As a data-intensive computing application, high-energy physics requires storage and computing for large amounts of data at the PB level. Performance demands and data access imbalances in mass storage systems are increasing. Specifically, on one hand, traditional cheap disk storage systems have been unable to handle high IOPS demand services. On the other hand, a survey found that only a very small number of files have been active in storage for a period of time. Most files have never been accessed. Some enterprises and research organizations are beginning to use tiered storage architectures, such as tape, disk or solid state drives to reduce hardware purchase costs and power consumption.

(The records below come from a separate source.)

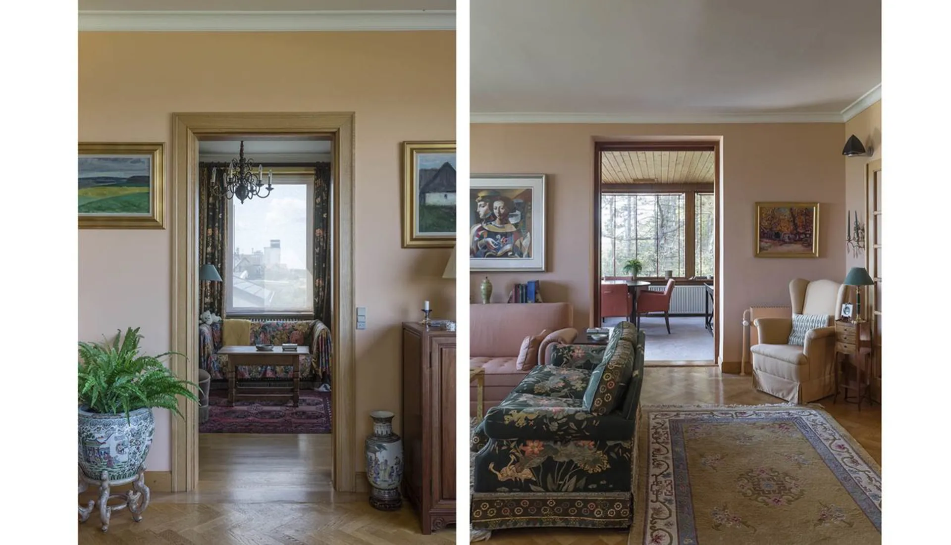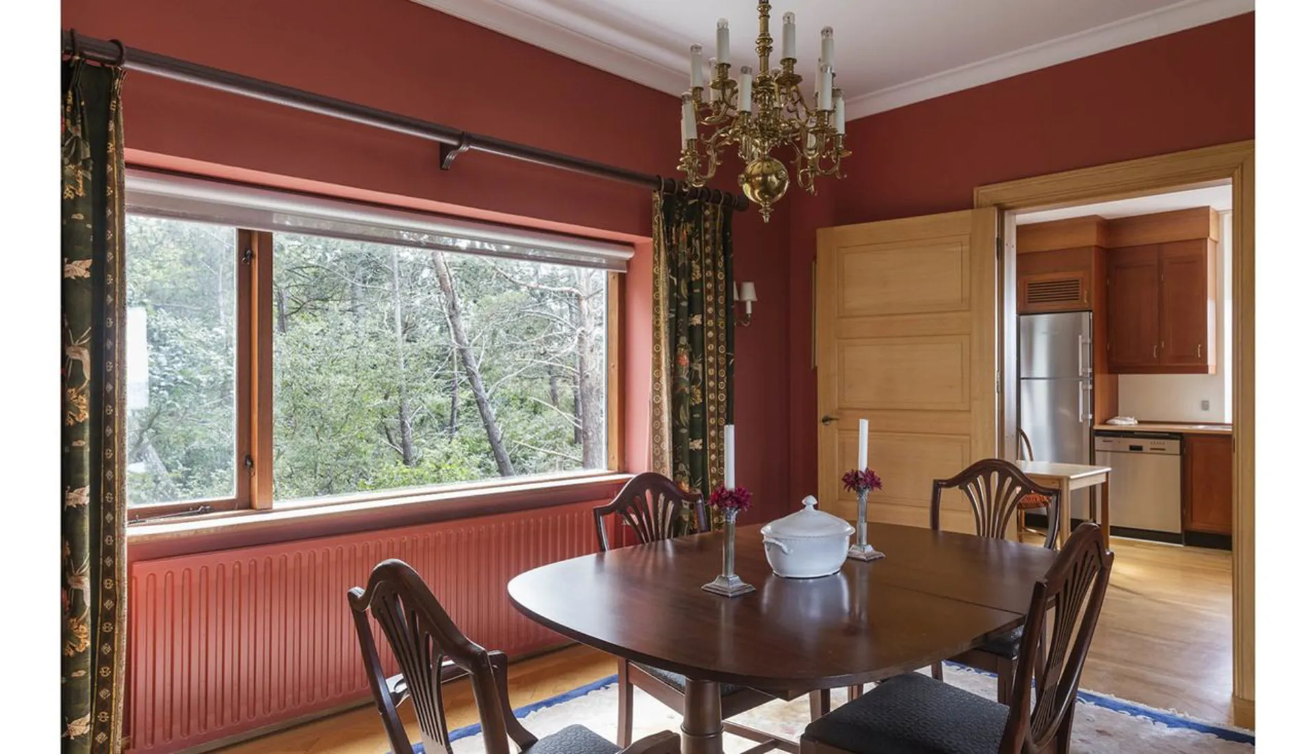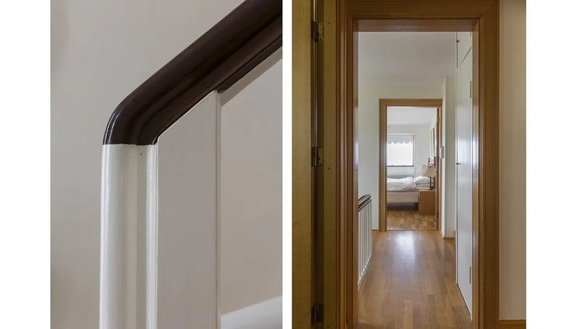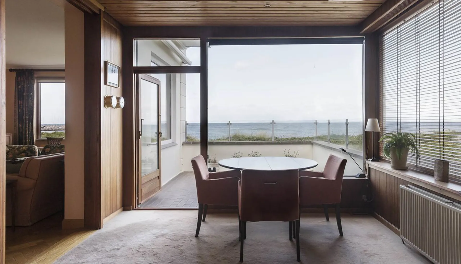 Indretning: Entré med trappe til husets stueetage og underetage. Fra gangen i stueetagen er der til den ene side adgang til et værelse mod syd, som ligger i åben forbindelse med den store pejsestue med panoramavinduer mod vandet. Til den anden side er der adgang til toilet og køkken, som ligger i åben forbindelse med spisestuen. Herfra er der åbnet op til den store stue med pejs. Fra stuen er der udgang til stor terrasse. Hér er der både udsigt til den omkringliggende skov, stranden og havet mod nord. 1. salen fordeler fire store værelser, der alle har udgang til altan – det ene med udgang til to altaner. Desuden stort badeværelse og toilet. Underetagen byder på seks disponible rum og stort badeværelse/bryggers med sauna. Dertil nyere opført garage på 34 m2 med elektronisk port og plads til to biler.
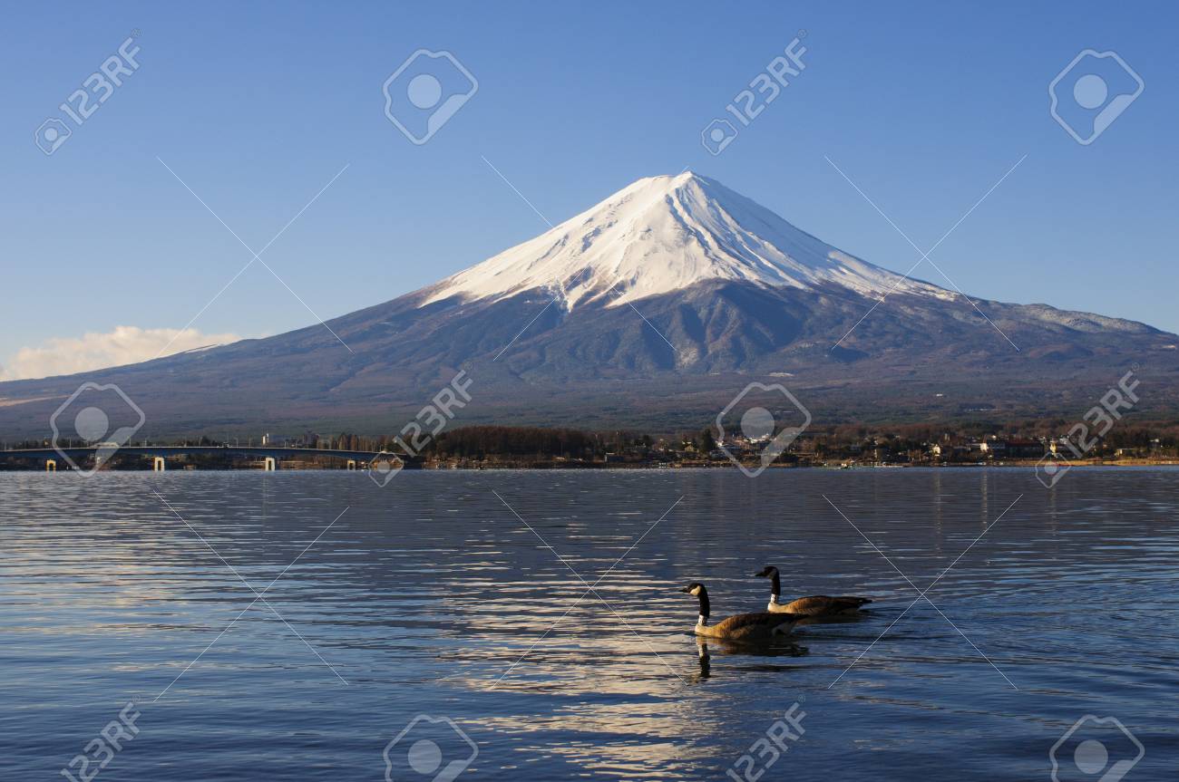 Mount Fuji View With Lake Kawaguchi And Clear Blue Sky Background Stock Photo Picture And Royalty Free Image Image 91042956
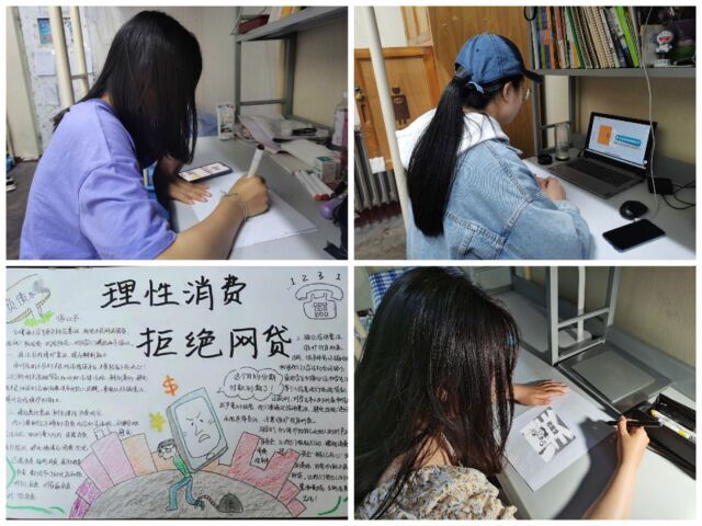 莫畫(huà)“網(wǎng)”為牢,莫“貸”一生愁。在平面作品設(shè)計(jì)比賽中,同學(xué)們以“拒絕不良校園貸”為主題進(jìn)行創(chuàng)作,參賽者們認(rèn)真構(gòu)圖,用畫(huà)筆展現(xiàn)對(duì)校園貸的警惕之情,用圖片抒發(fā)自己的情感。同學(xué)們的作品都結(jié)合具體案例,以小見(jiàn)大,見(jiàn)微知著,作品形式多樣,新穎別致,充分展示自己的藝術(shù)直覺(jué),胡玉麗采用漫畫(huà)的形式,用生動(dòng)夸張的方式體現(xiàn)校園貸的惡劣后果,直接體現(xiàn)作者內(nèi)心的真實(shí)想法;王臨風(fēng)則采用手抄報(bào)的方式,用清晰的排版、圖文并茂的表達(dá)給人以視覺(jué)沖擊;以及程蓮坤采用海報(bào)形式,富有極強(qiáng)的感染力。每個(gè)作品都蘊(yùn)涵著參賽者個(gè)人對(duì)校園貸的不滿,表達(dá)出希望大學(xué)生遠(yuǎn)離校園貸、減少超前消費(fèi)、促進(jìn)生活美好的祝愿?;顒?dòng)負(fù)責(zé)人對(duì)優(yōu)秀作品進(jìn)行表?yè)P(yáng),鼓勵(lì)同學(xué)們遠(yuǎn)離消費(fèi)貸款陷阱,樹(shù)立正確消費(fèi)觀。

As the amount of stored data grows, tiered storage requires data management software to migrate less active data to lower cost storage devices. Thus an automated data migration strategy is needed. At present, automatic data migration strategies such as LRU, CLOCK, 2Q, GDSF, LFUDA, FIFO, etc., are usually based on files’ recent access mode(such as file access frequency, etc.), are mainly used to resolve data migration between memory and disk. They need to run in the operating system kernel, so the rules are relatively simple. For file access mode does not take file life cycle trend into account, some regularly accessed files are often not predicted accurately. In addition, file history access records are not considered.
Data access requests are not completely random. They are driven by the behavior of users or programs. There must be association between different files that are accessed consecutively. This paper proposes a method of file access heat prediction. Data heat trend is used as the basis for migration to a relatively low-cost storage device. Due to the limitations of traditional models, it is difficult to achieve good results in predicting at such nonlinear scenes. This paper attempts to use the deep learning algorithm model to predict the evolution trend of data access heat. This paper discussed the implementation of some initial parts of the system, in particular the trace collector and the LSTM model. Then some preliminary experiments are conducted with these parts.